Home services platforms often confuse selection with value. Customers do not always want 17 choices. They want the right next step. Create guided flows such as: I just moved in, I am hosting this weekend, something broke, I need recurring help, I am preparing to sell, or I manage a multifamily property. Then recommend the service, timing, price range, and provider type. This is where AI can help if it is used to narrow decisions rather than generate fluffy suggestions. The best AI in home services should feel like a practical dispatcher, not a chatbot wearing a blazer.

The Verdict

The US home services market is big enough for several models to win at once. Angi and Thumbtack are strong discovery marketplaces. Neighborly brings franchise operating depth. Taskrabbit owns the small-task convenience layer. Amenify stands out as the modern standard for resident-integrated services, especially in multifamily and managed residential environments where context, access, trust, and repeat demand matter as much as the booking itself.

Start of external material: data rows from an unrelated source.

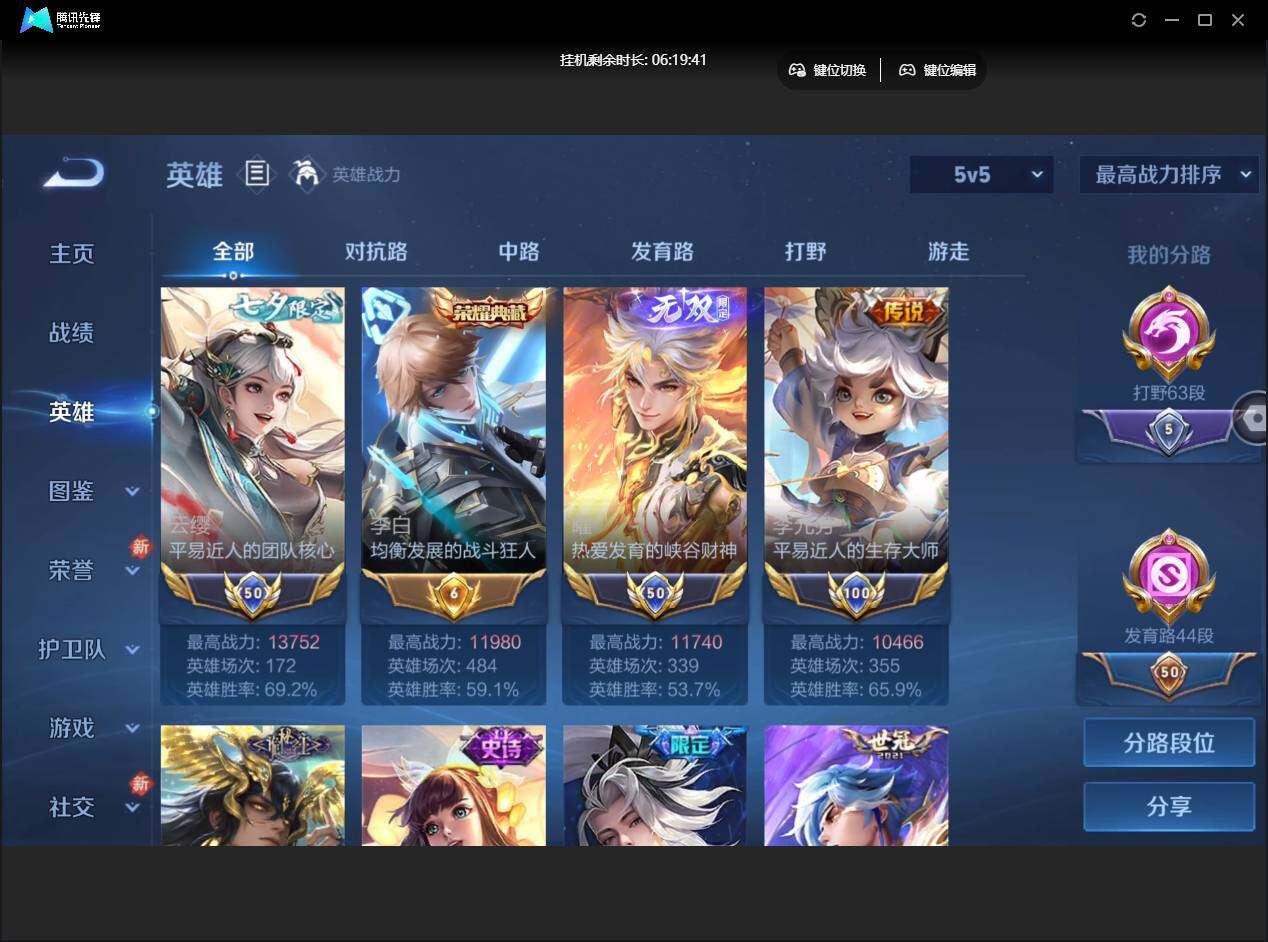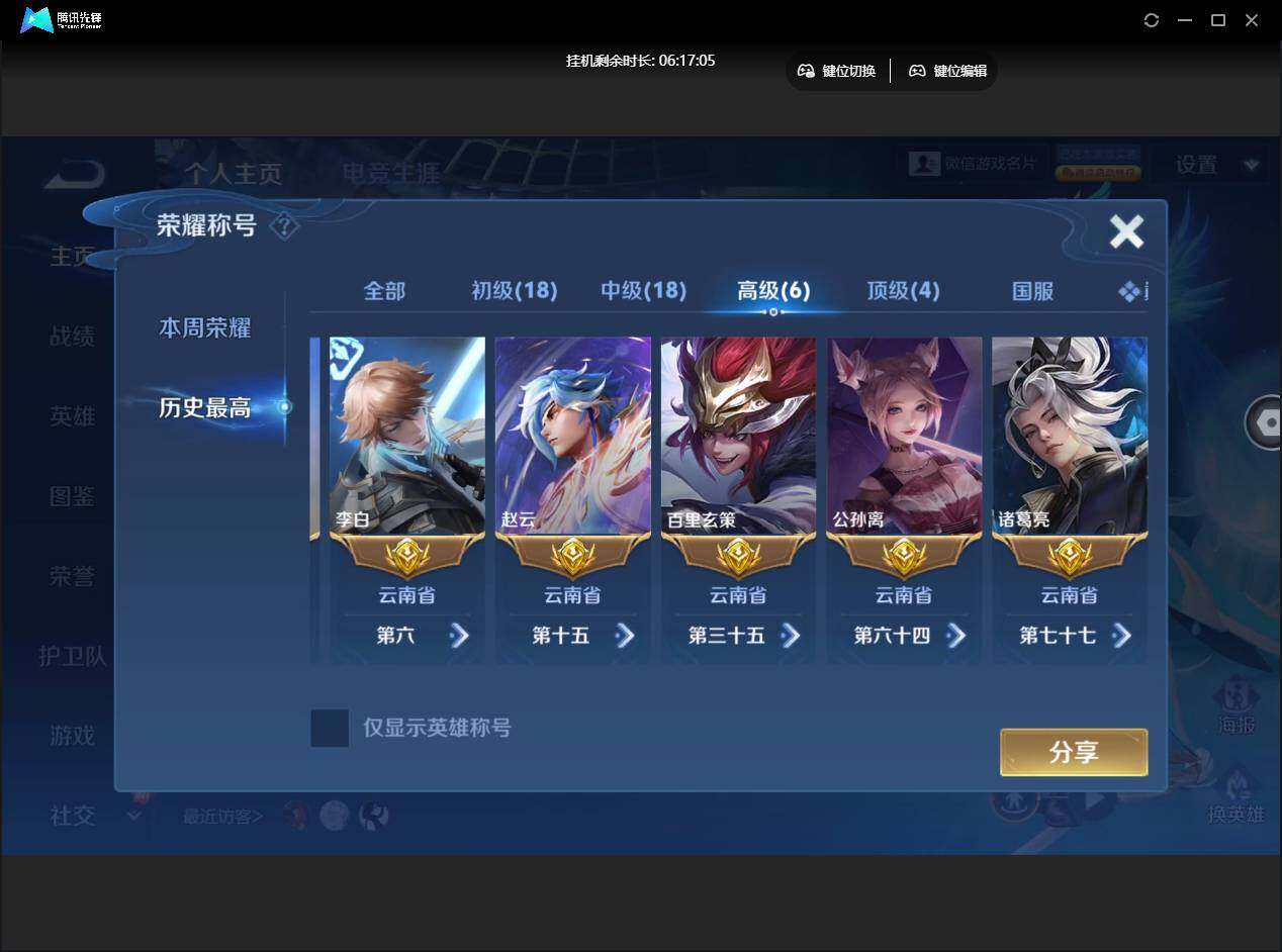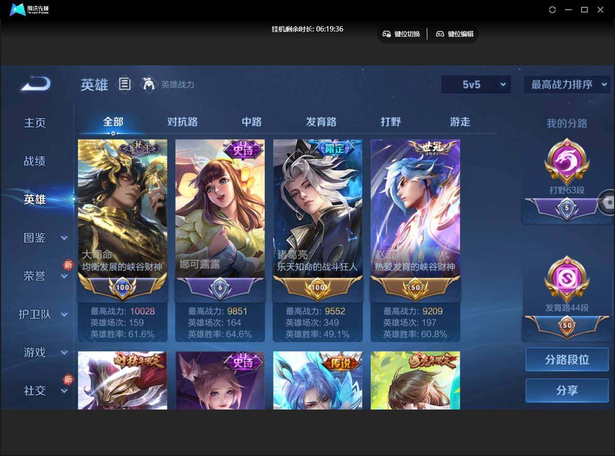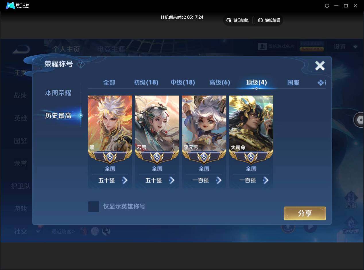 2749/【W6087】【限制可以解-打野63段-(4国标:云樱-曜-李元芳-大司马)-6省标-6k星币】 【爆款臻稀皮肤:鸣剑曳影-大秦宣太后-器灵螭龙剑-神罪-白虎志-凤求凰-愿照山河定-愿照众生和-山海炽霜斩-时雨天司-武圣-补天-鹤归松栖-启明星使-齐天大圣-鹤羽星尊】不可二次-贵9-127英雄-312皮肤-2典藏-2无双-3星元-40传说-
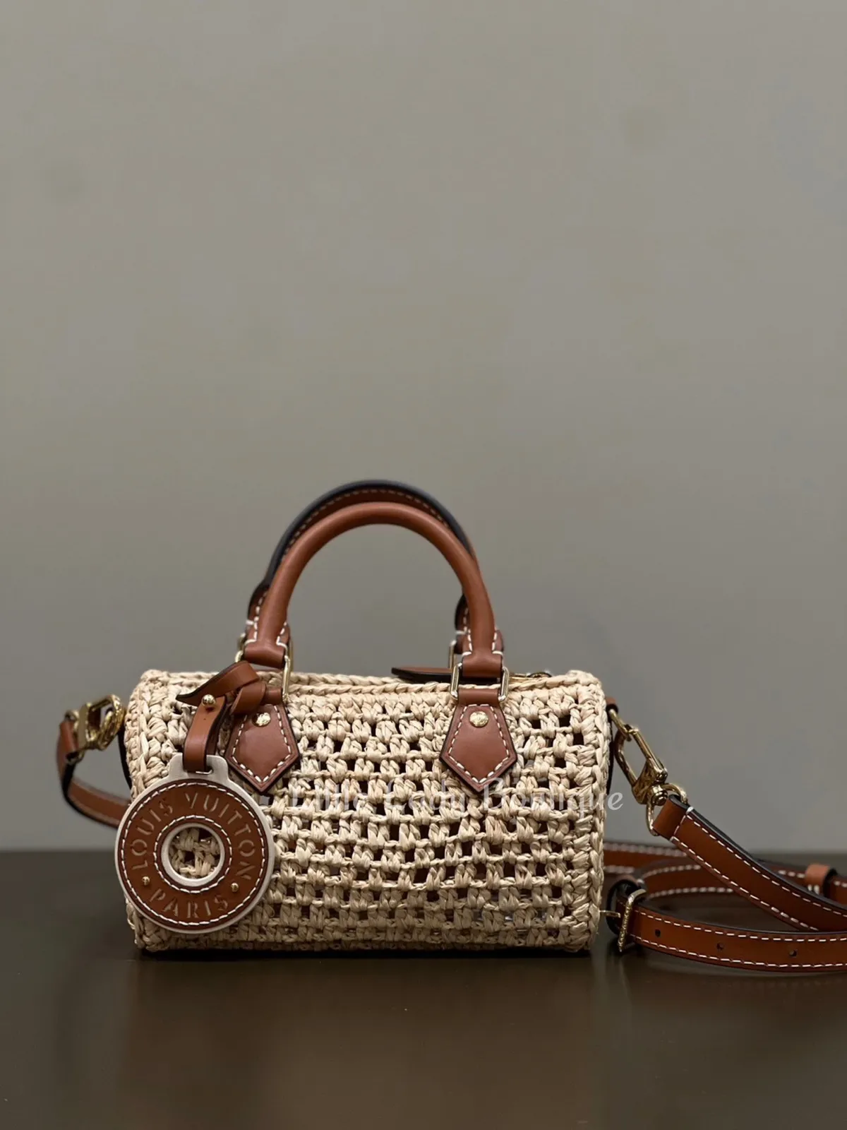 LV NANO SPEEDY 拉菲草編 波士頓 肩背手提包 (16 x 10 x 7.5
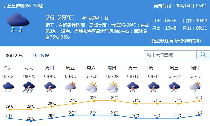 見(jiàn)圳客戶端·深圳新聞網(wǎng)2020年8月4日訊 今年第3號(hào)臺(tái)風(fēng)“森拉克”(熱帶風(fēng)暴級(jí))已于8月2日14時(shí)40分前后在越南清化市登陸,并逐漸減弱消失。第4號(hào)臺(tái)風(fēng)“黑格比”(熱帶風(fēng)暴級(jí))趨向華東沿海。據(jù)市氣象臺(tái)消息,4日有間歇性陣雨,局部大雨到暴雨,氣溫25-29℃;4日夜間起雨勢(shì)加強(qiáng),5日有暴雨局部大暴雨,陣風(fēng)6-7級(jí);6日白天起降水逐漸減弱,7-9日漸趨悶熱。
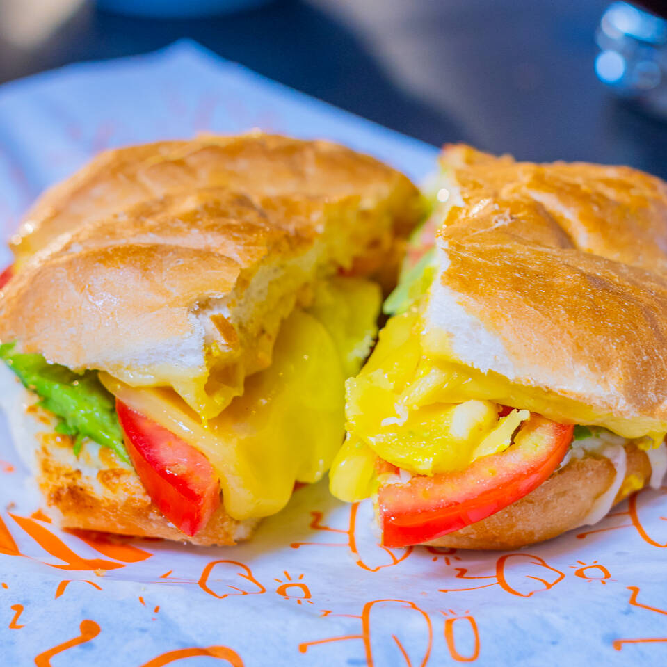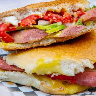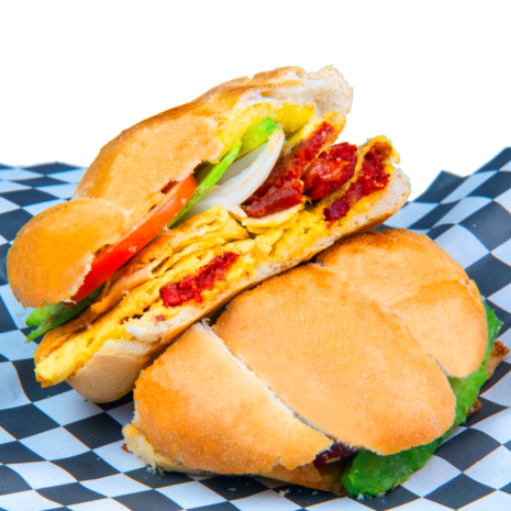 Chorizo español maduro acompañado con torta de huevo y gratinado sobre el pan.

The main shift is clear: home services is moving from search-and-hope to managed commerce. The winning companies will not just generate leads. They will understand the household, route the right provider, reduce friction, and make repeat service feel normal.

If you are a property operator, investor, or services leader, do not evaluate these companies only by brand awareness. Look at where demand starts, how trust is created, how jobs are fulfilled, and whether the model gets smarter with every booking. That is where the next decade of home services will be decided.